Je dis etc., parce que tout à coup je me sens pris d'allergie aux généralités
abstraites, à la théorie et tout le théorisme.
« Société de
consommation… création… choses… échangeables… monnayables…. statut… économie…
capitalisme… Plus loin : Diktat du capitalisme… règne de la marchandise…
protéger le temps libre et l'épanouissement au sein du vivant… équilibrer
biosphère, écosystème et humanité… une pensée « de la liberté, de
l'émancipation du sujet autonome et de la démocratie autogestionnaire »…
Plus loin : écologisme… des fins sociales… marchandisation…

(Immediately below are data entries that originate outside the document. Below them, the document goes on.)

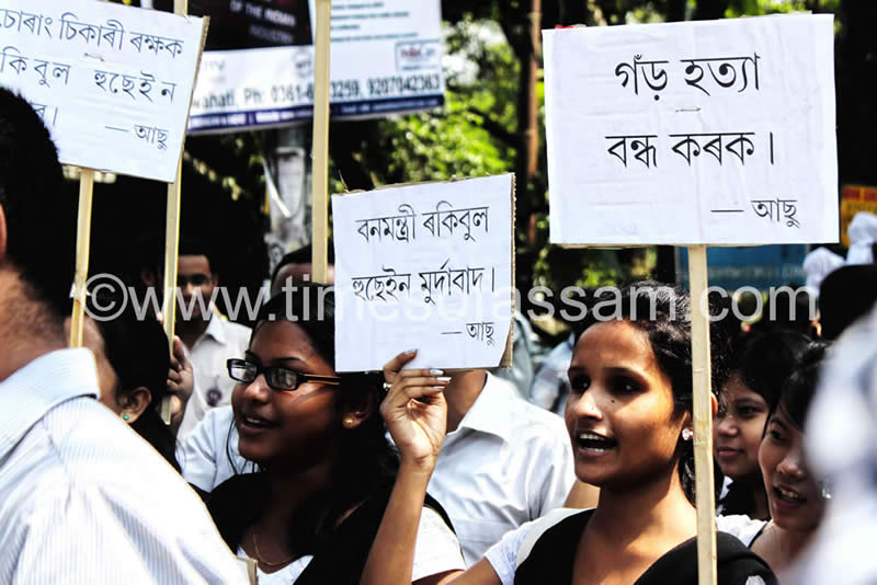Students of Gauhati University protesting against Rhino killings in Assam.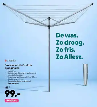Nu in de aanbieding bij AllesZ: Brabantia Lift-O-Matic droogmolen✅ Actie geldig van 2-03 t/m 22-03.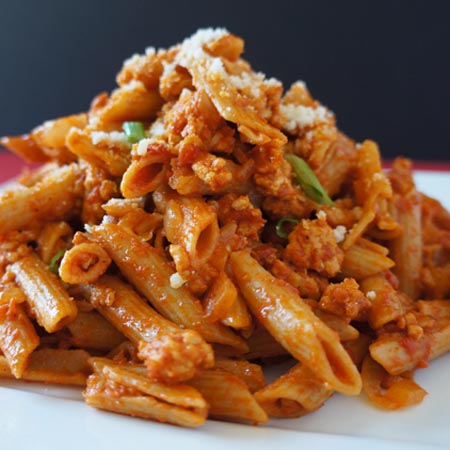Non Veg pasta made with fresh tomatoes and chicken. This is quick to make for a ...
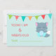 Colorful Flag Bunting and a baby kitten learning to stand is the background for this baby milestone card.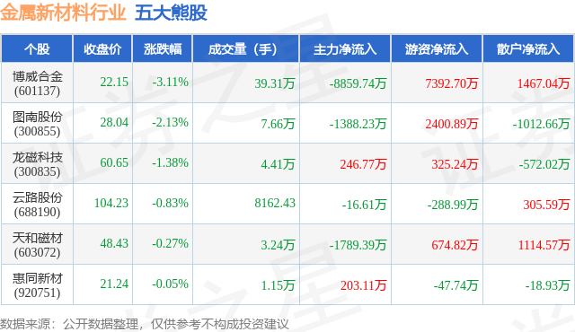 个股表现方面,金属新材料行业当日领跌股为博威合金(601137),该股当日报收22.15,下跌3.11%,成交量39.31万,主力资金净流出8859.74万元。图南股份(300855)以下跌2.13%紧随其后,该股当日成交量7.66万,主力资金净流出1388.23万元。除此之外,龙磁科技(300835)、云路股份(688190)、天和磁材(603072)均进入当日熊股之列。具体个股列表见下表: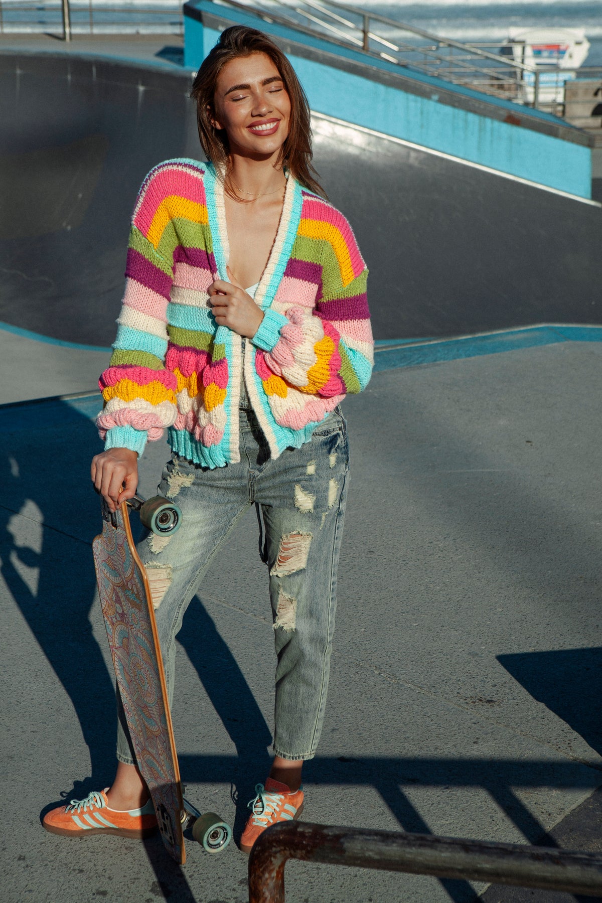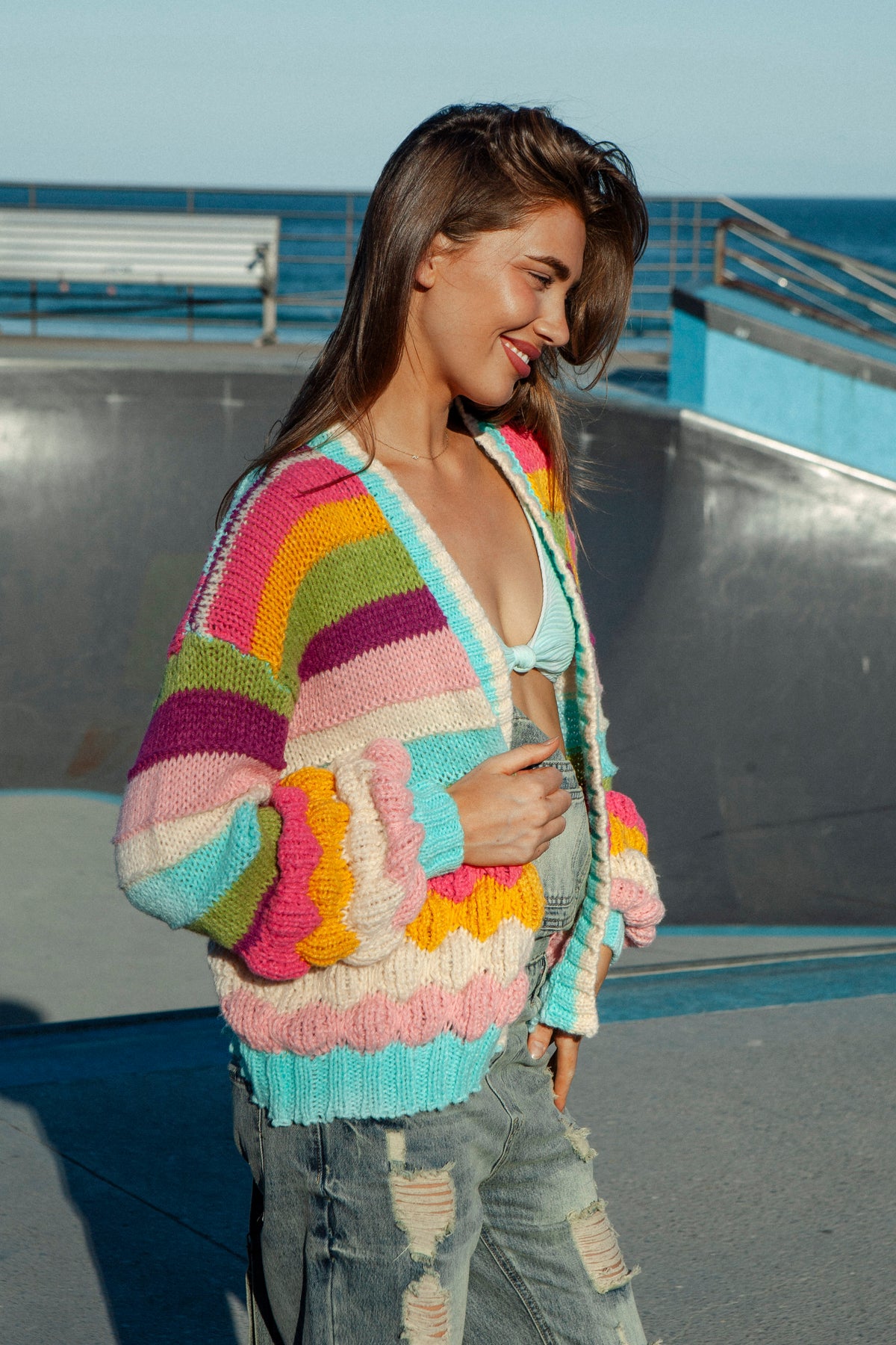 Bring a pop of colour and brighten up your new season wardrobe with our Retro Rainbow Stripe Cardigan. This chunky cable knit cardigan is a slouchy and relaxed fit making it oh so easy to layer over a basic tee and your favourite denim bottoms.

monétarisation… utilitarisme… économisme… créer une société de sobriété
extramarchande… utopie concrète… principes de l'écologie sociale… un nouvel
horizon d'émancipation… l'écologie politique entre expertocratie et
autolimitation…… » etc. encore !
Ce n'est pas que tout cela
soit imbitable, c'est que ce n'est que du langage théorique, des principes, des
concepts. Loin, très loin. Que du langage, même, des mots qui ne renvoient à
rien de concret. Que peut faire de ça celui qui cultive des hectares de soja au
glyphosate ou un potager de banlieue, le trader qui doute, celui qui achète sur
Amazon, le gilet jaune du rond-point qui pleure la poste fermée, l'école
fermée, la maternité à 50 km ? Que peut faire de ça l'urgentiste sursaturé
ou le grand spécialiste et ses dépassements d'honoraires autorisés ? Et
l'homme politique, du ministre au député et jusqu'au maire qui devient un héros
(ou un paria) parce qu'il interdit le Round-up dans sa commune maintenant sans attendre une loi
européenne. (Mettez au féminin tous ces termes autant que vous voulez.)
Je ne peux plus entendre
"consommateur" ou "société de consommation", je ne peux plus
entendre "capitalisme", je ne peux plus entendre "liberté,
utopie, chose, économisme", ni "penseur ou père de l'écologisme
politique"… Tout ça, cette manière de penser, est obsolète et a fait les
preuves de son impuissance à changer le monde. (D'ailleurs je ne peux plus
entendre non plus l'expression "changer le monde".)
•••
Peut-être que nous sommes embarqués dans une hallucination collective.
Plusieurs, même, combinées, enchâssées les unes dans les autres, toutes
définies par des substantifs, des concepts, des idées platoniciennes.
Modernité, capitalisme, humanisme, démocratie, progrès… transhumanisme… tout
ça qui a émergé de la matrice de Platon et de la bible.